Danach ging sie aufs Klo. Ich wartete mit den Karten in der Hand und fragte mich, wie es nur so weit kommen konnte. Bevor der „Norte“ Tampico erreichte, war ich ein Mensch, der zwar nicht genau wusste welche Richtung sein Leben am besten einschlagen sollte und was ich mit meiner Zeit und den wenigen verbleibenden Jahren meiner ersten Lebenshälfte (vorausgesetzt ich sollte es bis sechzig schaffen, was ich meines Ermessens nach, als das beste Alter sah um sein Reitgeschirr abzugeben) anstellen sollte. In achtundvierzig Stunden hat mein Leben jedoch eine Wendung genommen, die unerwartet, zuvor unvorstellbar und beängstigend war. Ja, ich gebe es zu, ich fürchtete mich vor dem was vor sich ging. Ich wusste nicht, was ich davon halten sollte. Zuerst das Buch (ich erfrischte schnell meine Flüche gegenüber Gabriel García Márquez) und jetzt das, eine Kunstausstellung besuchen und in derselben Nacht auch noch ein Ballett ansehen!

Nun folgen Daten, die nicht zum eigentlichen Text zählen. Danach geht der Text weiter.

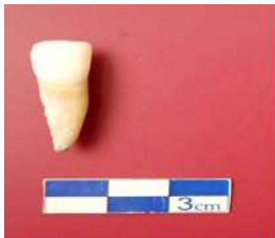
تصویر ۵: نمونه دندانی شماره ۵ معاصر

`Der Herr sei mir gnädig, hoffentlich bekommt das alles niemand von meinem Stammtisch mit!´ Ich erinnerte mich wieder, dass ich an keinem Stammtisch willkommen war, war mir aber gleichzeitig sicher, dass jeder Barkeeper in Linz mich auslachen und mir aus Spott statt Bier nur noch Radler servieren würde, sollte das jemals an ihre Ohren gelangen.
Aus einem der verschlossenen Räume drang Applaus nach draußen. Ich erinnerte mich vage an den sozialen Zwang, welcher einem bei solchen Veranstaltungen auferlegt wird. Man musste den Artisten und ihre Leistung mit Applaus bedenken. Wozu in aller Welt benötigten sie Applaus? Als ich neben Diana die Sitze auswählte, erhaschte ich einen kleinen Blick auf die Preisliste. Demnach sollten die Artisten uns, denen, die es geschafft haben, sich dieses Geld anzusparen, applaudieren. Eine verrückte und verkehrte Welt war das, mein lieber Mann, und ich war kopfüber, wie durch ein magisches Loch im Boden in sie gefallen. (Bleibe ewig verflucht Gabriel García Márquez, in Ewigkeiten!).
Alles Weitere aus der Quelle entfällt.